Lei fissava i miei occhi, terrorizzati, piangenti. Sembrava dirmi: vieni, io sono il tuo angelo vero, la tua salvezza! Lì c'è solo inganno: fuggi! Io dimenavo il mio animo urlante furore, diventavo cieco al richiamo dei suoi occhi. Là, immobile, fremevo di odio, sapevo, capivo, già morivo.
Hannah, era l'ultima volta che guardavi i miei occhi, ed erano gli occhi di Lucifero...

«Non continuare a sfuggire il mio sguardo, ti prego! Guardami, prendimi le mani!», mi diceva Hannah nella mia casa desolata, fra le ombre della mia adolescenza infelice, immerso nelle mie paure: Hannah, la mia gazzella dolcissima, la sua voce leggera, i suoi capelli freschi, soffici dell'aria del nord, che scivolavano sulla mia pelle.
«Non posso più guardare niente... I miei occhi sono morti: tutto è marcio, orrendo. Se ti guardo, allora anche tu sei una morta: la pelle è giallastra, gli occhi vuoti... Non posso guardarti... non ora... Perdono! Perdono!»
Sentivo le sue mani fra i miei capelli, mani calde, carezzarmi il suo richiamo amoroso. E io bruciavo, il suo contatto bruciava! Fuoco di rimorsi, fuoco di rabbia.

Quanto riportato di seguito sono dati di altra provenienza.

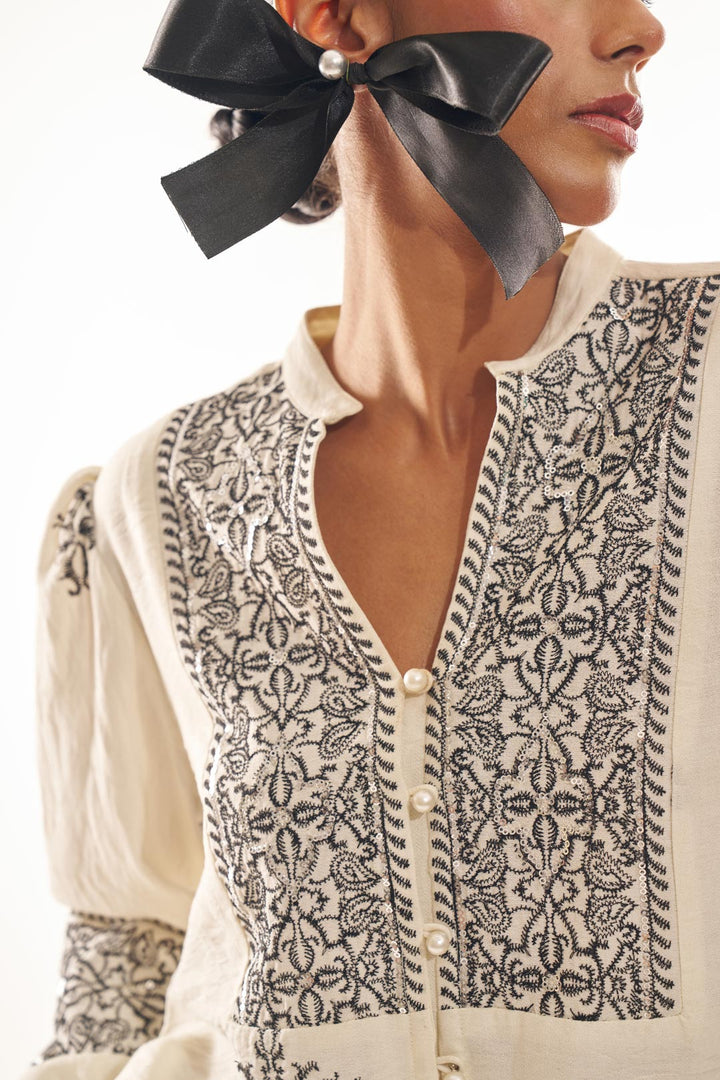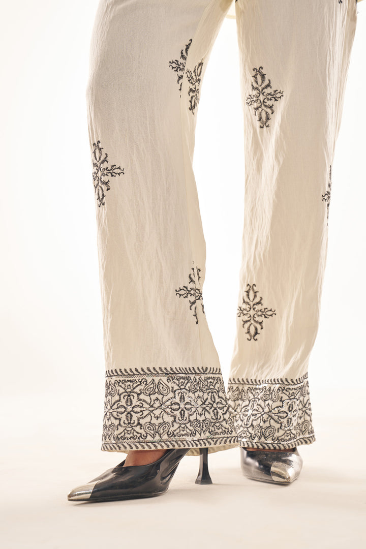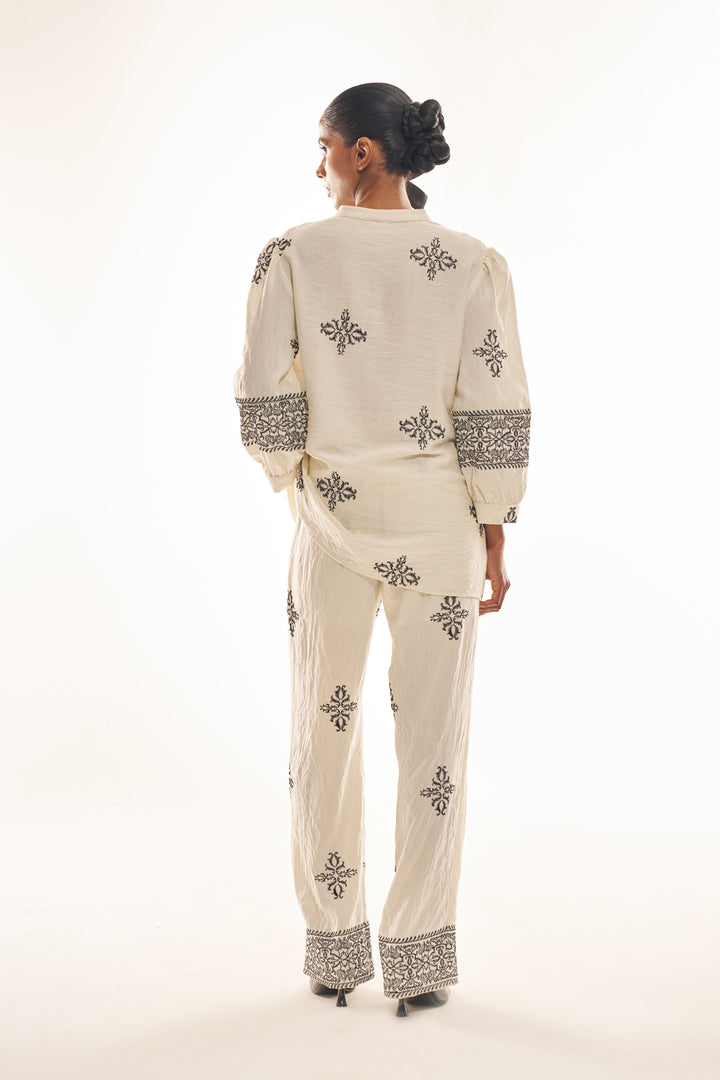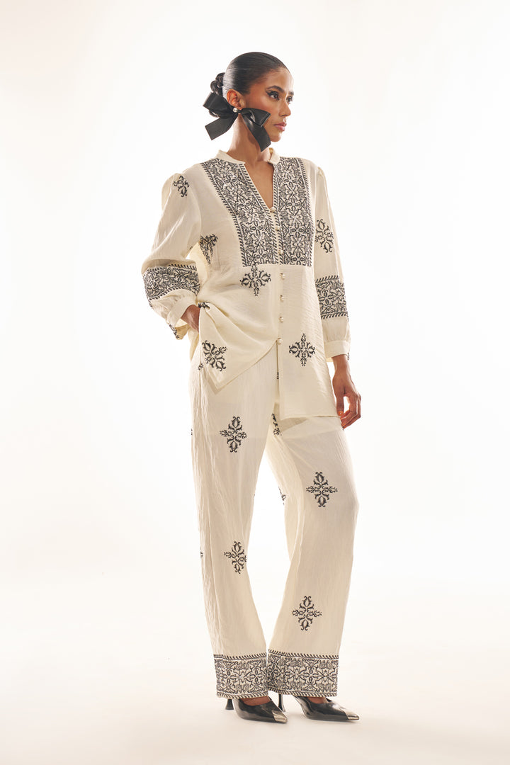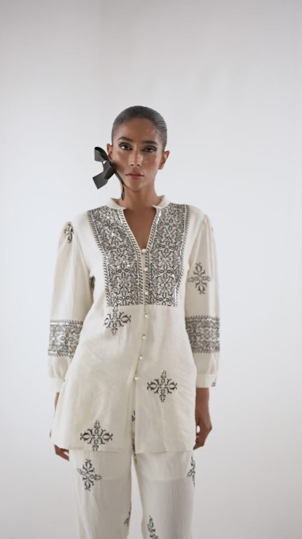 Make a statement with this elegant SHECZZAR white linen co-ord set, designed for a perfect fusion of tradition and modern style. Adorned with intricate embroidery and shimmering sequin work, this ensemble exudes sophistication, making it an ideal choice for festive gatherings and special occasions.

«Vedo le paure più terribili nei tuoi occhi, Claudio; è paura irrazionale! Butta via quei pensieri, amore, ritrova te stesso!»
«L'irrazionale ha vinto! Nessuno ha scampo! La nostra decomposizione è già in atto: ci sforma, ci dissolve! ...Vattene via, Hannah: tu sei bella. Io non ti merito, non merito nessuno, io posso solo distruggere...»
«Parli da folle. Io sarò qui con te. Se vuoi, attendo senza guardarti.»
«Tu sei pazza! Vattene via da me! Vai più lontano che puoi! Io sono la tua morte: la morte della tua bellezza!»
«...Ma io voglio stare qui, vicino a te...»
«No! Sprecare la bellezza in questo squallore? No! Torna alla tua Danimarca, al tuo paese di gente moderna! Va via da questi posti imprigionati nel passato! Questa schiavitù antica... siamo un popolo troppo vecchio... Va via dalle nostre colpe!... dallo squallore di tutte queste nostre antichità... in questo schifo, melma, putridume, buio sotterraneo, aria di tomba! Vattene via!...»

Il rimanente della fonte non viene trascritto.